I am a lecturer at Swansea University since fall 2021.
I am generally interested in topics around logic, realizability, automata theory and type theory.
Before that, I was a doctoral student at ENS Lyon and at the University of Warsaw,
under the supervision of Colin Riba and Henryk Michalewski, and went on to be a postdoc for two years at
the university of Oxford, working with Michael Benedikt.

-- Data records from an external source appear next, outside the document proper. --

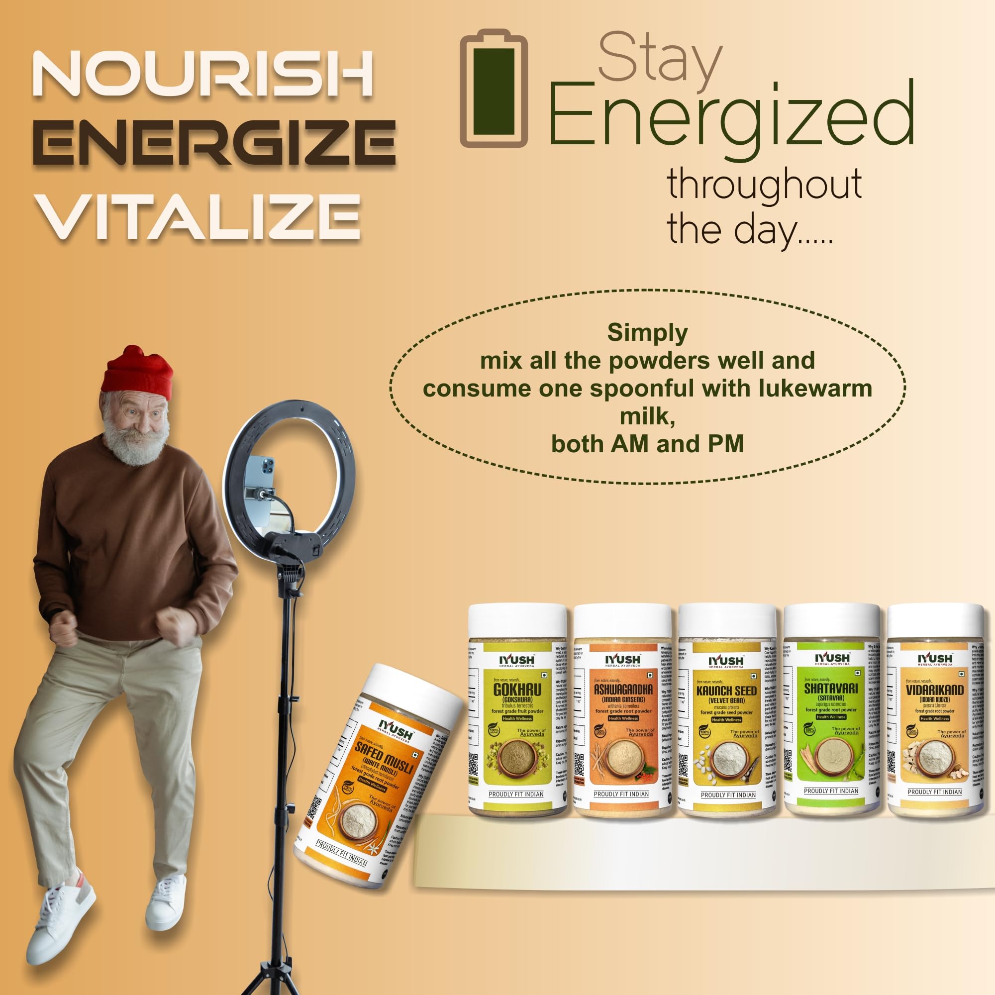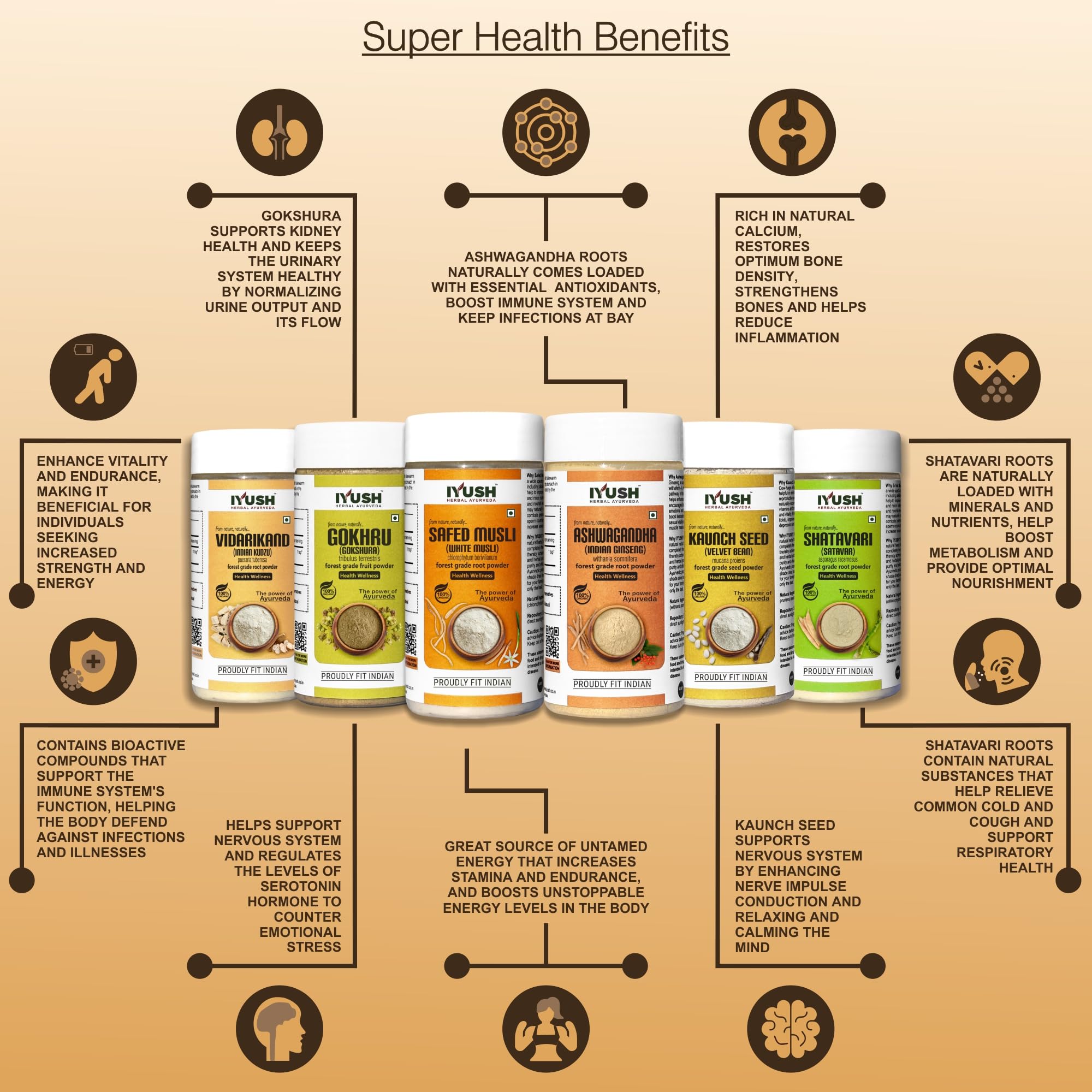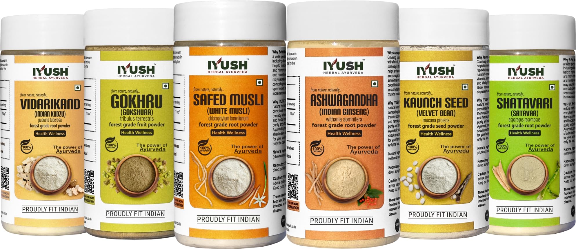 IYUSH Herbal Ayurveda Safed Musli Ashwagandha Kaunch Beej Shatavari Gokhru And Vidarikand Powder - (Total 600gm) 100gm each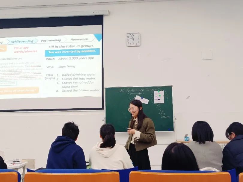 郑浩然、金可豪和赵淑敏三位选手呈现了风格迥异的读写课。郑浩然以米奇妙妙屋的奇妙咒语引入,课堂幽默风趣,节奏轻快。金可豪在板书设计上颇为巧妙,图文结合的形式让家乡的变迁一目了然。赵淑敏以茶为引,组织同学们参与分享自己对茶的了解,再由茶经里的“茶之为饮,发乎神农氏”引出文章的主人公神农,循循善诱,引导员工理解主题。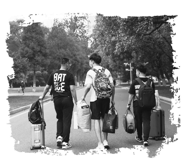 消毒、测温、核对身份信息、出示核酸证明、扫健康宝二维码……在完成一道道严格的入校手续后,孙毅展拎着大包小包走进久违的校门。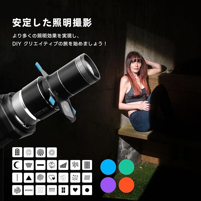 多様な撮影シナリオに合わせてゴボパターンを追加し、 プロ仕様の利便性のために標準の Bowens マウントにアップグレードしました。 標準の Bowens マウントを備えていない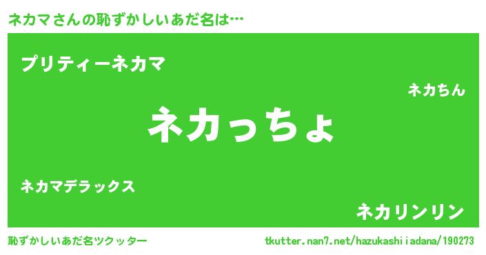 | ヘコむあだ名 | 『豆乳』『ネカふぇ~』『ネカ太郎』 |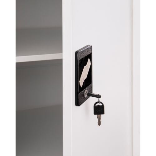 Stabilne drzwi wyposażone są w solidny zamek krzywkowy z kluczykiem, który skutecznie zabezpiecza zawartość szafy, zapewniając pełną poufność i ochronę przechowywanych danych. Każdy detal – od ergonomicznego uchwytu, po starannie wykończone krawędzie – został zaprojektowany z myślą o intensywnym, codziennym użytkowaniu w środowisku pracy.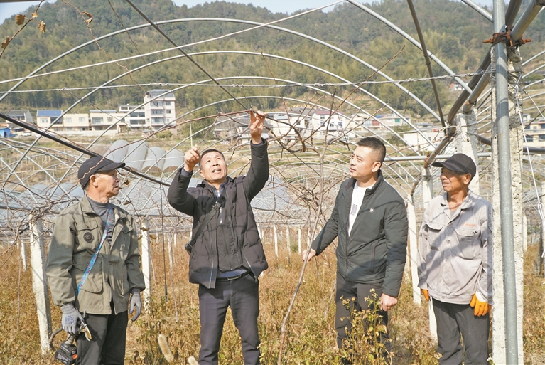 日前,市農(nóng)科所教授級高級農(nóng)藝師鄭宜清對福安市仙之洋種植專業(yè)合作社的葡萄、獼猴桃冬季修剪進(jìn)行指導(dǎo)。眼下,正是冬季果園管理的關(guān)鍵時(shí)期,連日來,福安市廣大果農(nóng)搶抓晴好天氣開展果樹冬剪工作,為豐產(chǎn)豐收打下基礎(chǔ)。陳容 攝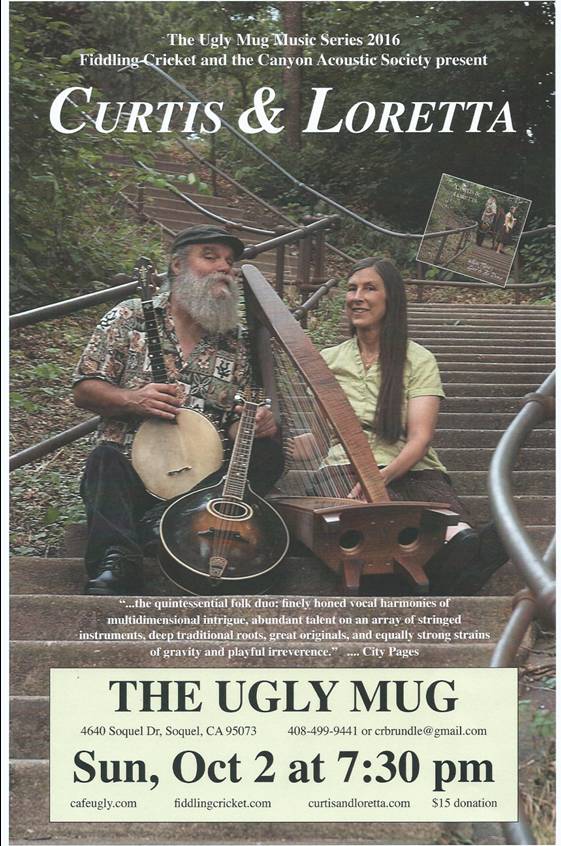 Contact Fiddling Cricket at 408 499 9441 or crbrundle@gmail.comThe husband and wife duo of Curtis Teague and Loretta Simonet, from Minneapolis are "old school" folkies. They deliver finely honed vocal harmonies and have abundant talent on an array of stringed instruments (mandocello, mandolin, Celtic harp, guitar, uke, and banjo). Their traditional roots are deep, based in the English folk form, though much of their material is original and contemporary. They have been singing and playing together ever since a chance meeting on a Santa Cruz beach in 1977, where Loretta was practicing guitar for a variety show. They have 9 CD's, have shared the stage with many folk luminaries over the years, and have been voted "Best Acoustic Performers in The Twin Cities" in the past. Though this is their first California tour for many years, they used to play regularly in the Bay Area and Santa Cruz areas, and were one of the first acts to play for Fiddling Cricket some 20 years ago. www.curtisandloretta.com
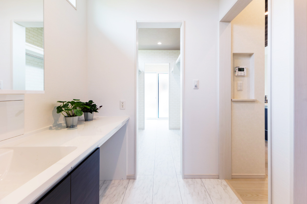脱衣所・洗濯室・ファミリークローゼット・ランドリールームが一直線で使いやすく、雨の日も安心して洗濯ができます。

My thesis focused on the constructive aspects of Monadic Second Order logic.
Comparison-free polyregular functions, with Lê Thành Dũng Nguyễn and Camille Noûs, ICALP 2021, pdf
Generating collection queries from proofs, with Michael Benedikt, POPL 2021, pdf
Implicit automata in typed λ-calculi I: aperiodicity in a non-commutative logic, with Lê Thành Dũng Nguyễn, ICALP 2020, pdf
From normal functors to logarithmic space queries, with Lê Thành Dũng Nguyễn, ICALP 2019, pdf
Kleene Algebra with Hypotheses, with Amina Doumane, Denis Kuperberg and Damien Pous, FOSSACS 2019, pdf
A Dialectica-Like Interpretation of a Linear MSO on Infinite Words, with Colin Riba, FOSSACS 2019, pdf
LMSO: A Curry-Howard Approach to Church’s Synthesis via Linear Logic, with Colin Riba, LICS 2018, pdf
A Curry-Howard Approach to Church's Synthesis, with Colin Riba, FSCD 2017/LMCS 2019, pdf
The Logical Strength of Büchi's Decidability Theorem, with Leszek Aleksander Kołodziejczyk, Henryk Michalewski and Michał Skrzypczak, CSL 2016/LMCS 2019, pdf
Integrating Linear and Dependent Types, with Nick Benton and Neel Krishnaswami, POPL 2015, pdf source code
Implicit automata in typed λ-calculi II: streaming transducers vs categorical semantics, with Lê Thành Dũng Nguyễn and Camille Noûs, pdf
Cantor-Bernstein implies Excluded Middle, with Chad E. Brown, pdf formalization in Coq
Here are a couple slides from talks I have given: PhD defense (23/06/20), Implicit automata in λ-calculi (I) (24/06/20, Warsaw automata webinar),
Implicit definitions of nested collections (06/11/20, Birmingham theory webinar, 04/12/20 seminar of the LINKS team (Lille)),
Implicit automata in λ-calculi (II) (16/12/20, IRIF gt réalisabilité,
05/02/21, Journées LHC, 08/03/21, GdT plume, 28/06/21, Structure meets Power workshop (abstract)), Logical complexity of MSO over countable linear orders (17/02/21, Manchester logic seminar),
Implicit automata in λ-calculi (I.5) (19/03/21, IRIF gt automate), Comparison-free polyregular functions (ICALP21)
Some things I formalized in Coq.
Ramsey's theorem via H-well-foundedness
A formalization of Stefano Berardi and Silvia Steila's paper
An intuitionistic version of Ramsey's Theorem and its use in Program Termination,
exhibiting a theorem analogous to the infinite Ramsey theorem admitting a constructive proof.
The paper introduces the notion of H-well-foundedness for relations, generalizing well-foundedness.
Their main theorem state that this notion is stable under finite union, which leads them to a second
constructive proof of Podelski and Rybalchenko's Termination Theorem.
- An equational theory for Mealy machines link
A little combinator language for letter-to-letter transducers together with a complete equational theory.
This essentially come from the remark that all such transducers correspond to the class of functions between
streams including lifting of maps between alphabets and closed by composition and parametric guarded fixpoints.